- [Dataset content]
--*--

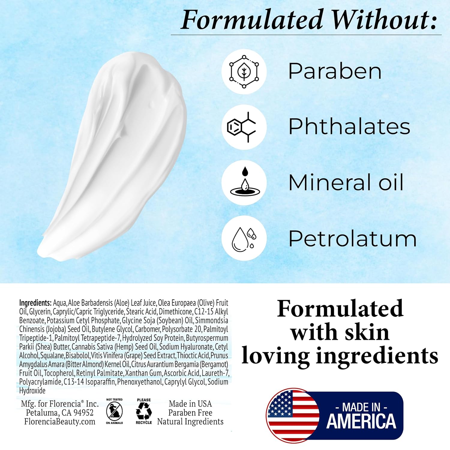 - NATURAL, SAFE, EFFECTIVE SKINCARE β Our facial moisturizer made in USA with the best plant-based ingredients to ensure you have the best experience. Hypoallergenic Formula, Cruelty Free, No Paraben, Mineral Oil Free.
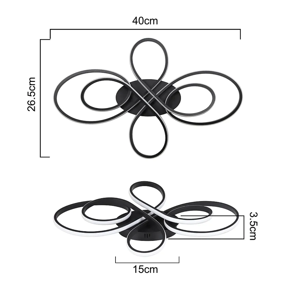 Design : ce plafonnier led moderne pour salon présente une forme de papillon symétrique, ce qui en fait un point focal visuel reconnaissable dans toute maison. Sa technologie de rendu des couleurs élevé (ra>80) reproduit fidèlement les couleurs et sublime les détails. De plus, il est sans scintillement, offrant un éclairage stable et doux.Matériau : ce plafonnier est fabriqué en aluminium et silicone de haute qualité, garantissant une structure légère et robuste ainsi qu’une bonne dissipation de la chaleur. L’aluminium rend le luminaire plus durable et facile d’entretien, tandis que la partie en silicone offre une bonne isolation et flexibilité, garantissant sécurité et longue durée de vie.Éclairage puissant et efficace : ce plafonnier au design moderne est équipé d’une source lumineuse unique de 30 watts, offrant une lumière vive et uniforme pour éclairer efficacement n’importe quelle pièce. Avec une température de couleur de 3000 k, il diffuse une lumière blanche chaude qui crée une atmosphère chaleureuse et agréable.Caractéristiques du produit : dimensions : 40 x 26,5 x 3,5 cm, puissance : 30 watts, température de couleur : 3000 k, intensité non variable. Équipé de led fixes et non remplaçables, ce plafonnier, grâce à sa technologie brevetée, offre un design unique et d’excellentes performances.
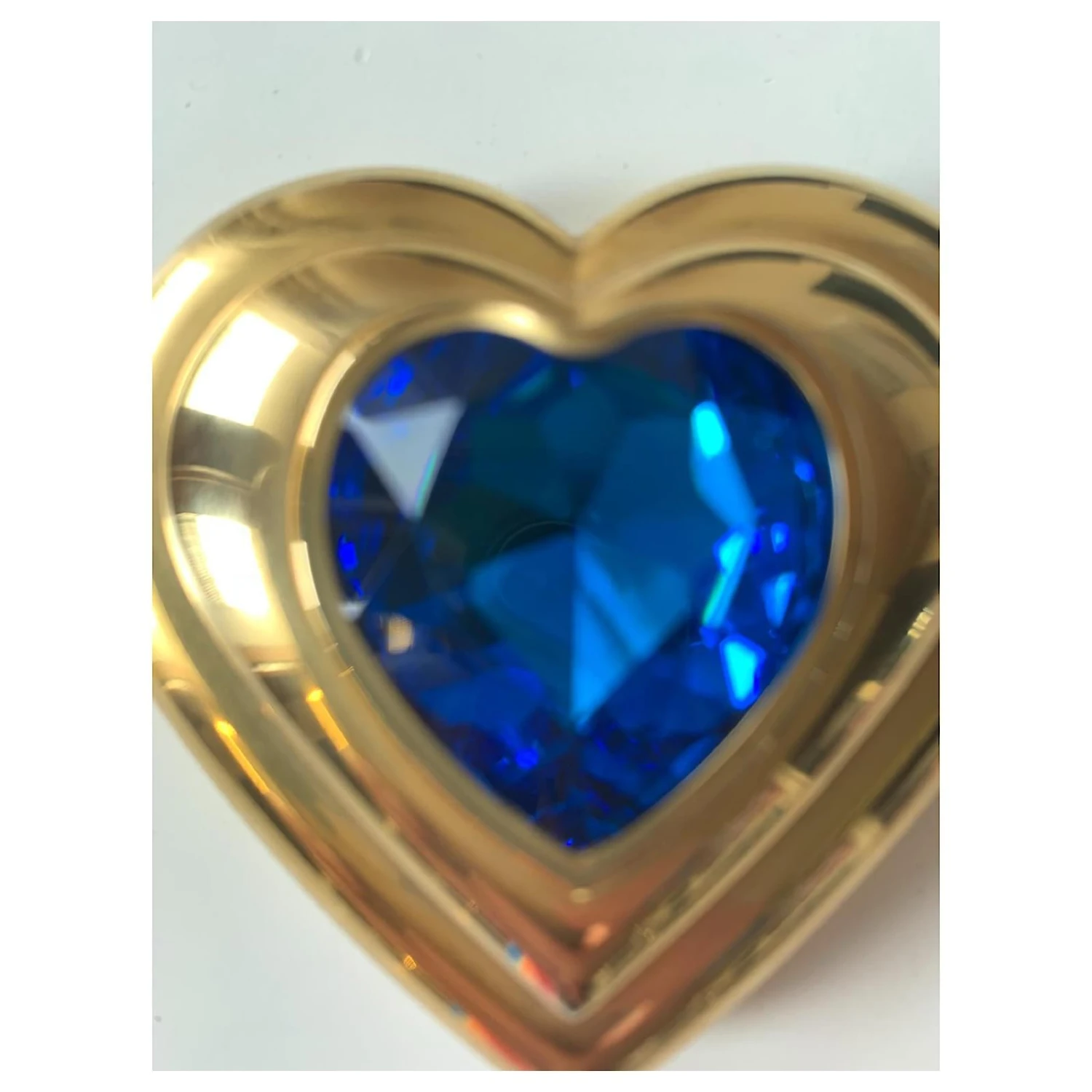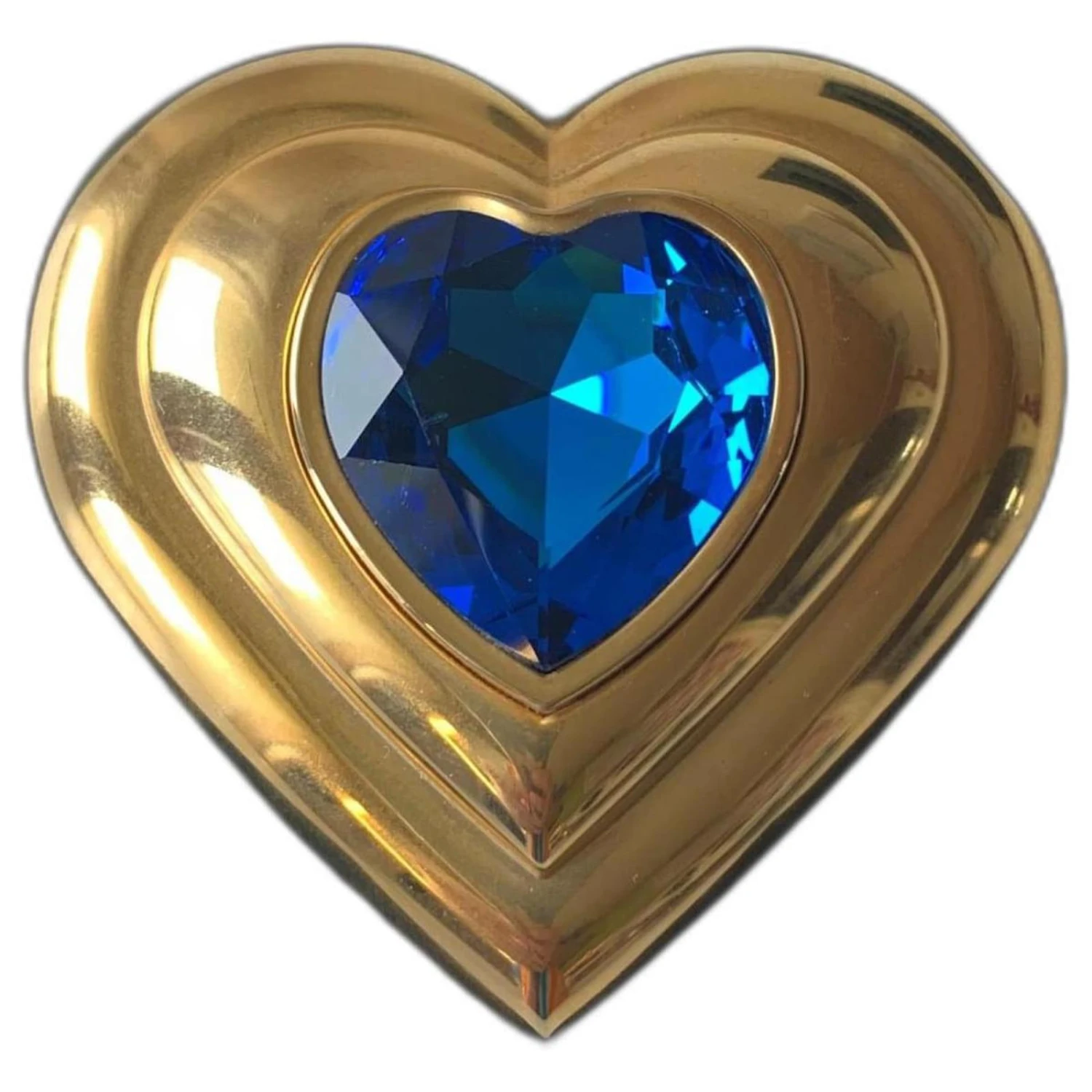 Poudrier en laiton massif figurant un cœur orné de godrons et incrusté d’un cristal Swarovski imitant un saphir.
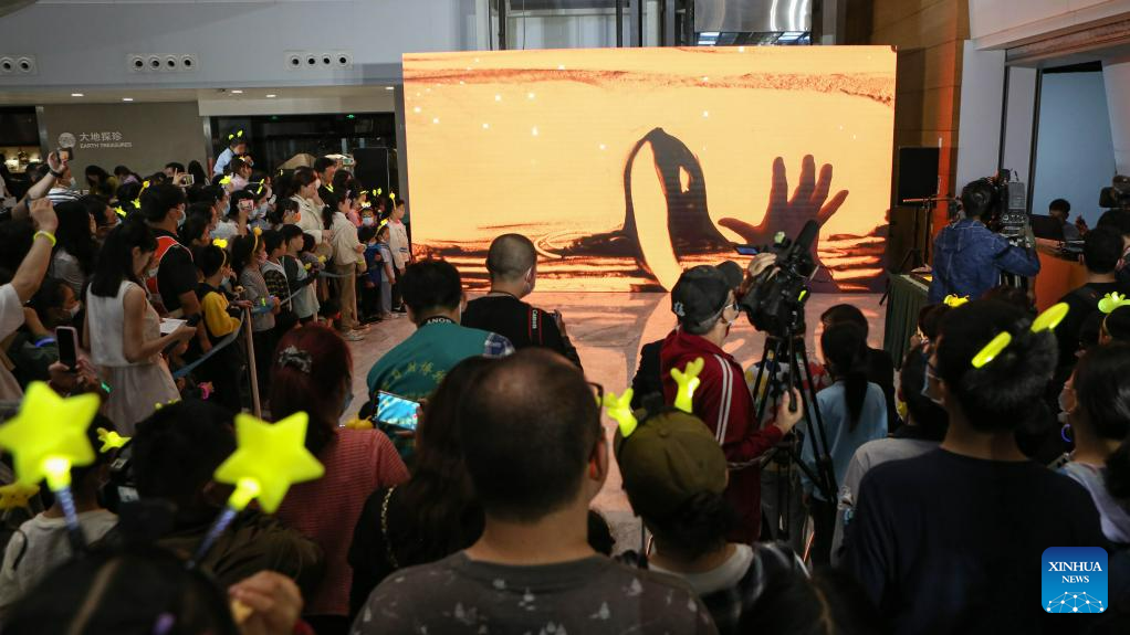 Visitors watch a sand painting show at Shanghai Natural History Museum in Shanghai, east China, May 18, 2023. Shanghai Natural History Museum(SNHM) held a special event themed "Night at the SNHM" in celebration of the International Museum Day on Thursday. (Xinhua/Xin Mengchen)

--*--

- [What to produce] Copy out the listing above exactly, and keep the pictures out of it.

- [Response area]
 - NATURAL, SAFE, EFFECTIVE SKINCARE β Our facial moisturizer made in USA with the best plant-based ingredients to ensure you have the best experience. Hypoallergenic Formula, Cruelty Free, No Paraben, Mineral Oil Free.
 Design : ce plafonnier led moderne pour salon présente une forme de papillon symétrique, ce qui en fait un point focal visuel reconnaissable dans toute maison. Sa technologie de rendu des couleurs élevé (ra>80) reproduit fidèlement les couleurs et sublime les détails. De plus, il est sans scintillement, offrant un éclairage stable et doux.Matériau : ce plafonnier est fabriqué en aluminium et silicone de haute qualité, garantissant une structure légère et robuste ainsi qu’une bonne dissipation de la chaleur. L’aluminium rend le luminaire plus durable et facile d’entretien, tandis que la partie en silicone offre une bonne isolation et flexibilité, garantissant sécurité et longue durée de vie.Éclairage puissant et efficace : ce plafonnier au design moderne est équipé d’une source lumineuse unique de 30 watts, offrant une lumière vive et uniforme pour éclairer efficacement n’importe quelle pièce. Avec une température de couleur de 3000 k, il diffuse une lumière blanche chaude qui crée une atmosphère chaleureuse et agréable.Caractéristiques du produit : dimensions : 40 x 26,5 x 3,5 cm, puissance : 30 watts, température de couleur : 3000 k, intensité non variable. Équipé de led fixes et non remplaçables, ce plafonnier, grâce à sa technologie brevetée, offre un design unique et d’excellentes performances.
 Poudrier en laiton massif figurant un cœur orné de godrons et incrusté d’un cristal Swarovski imitant un saphir.
 Visitors watch a sand painting show at Shanghai Natural History Museum in Shanghai, east China, May 18, 2023. Shanghai Natural History Museum(SNHM) held a special event themed "Night at the SNHM" in celebration of the International Museum Day on Thursday. (Xinhua/Xin Mengchen)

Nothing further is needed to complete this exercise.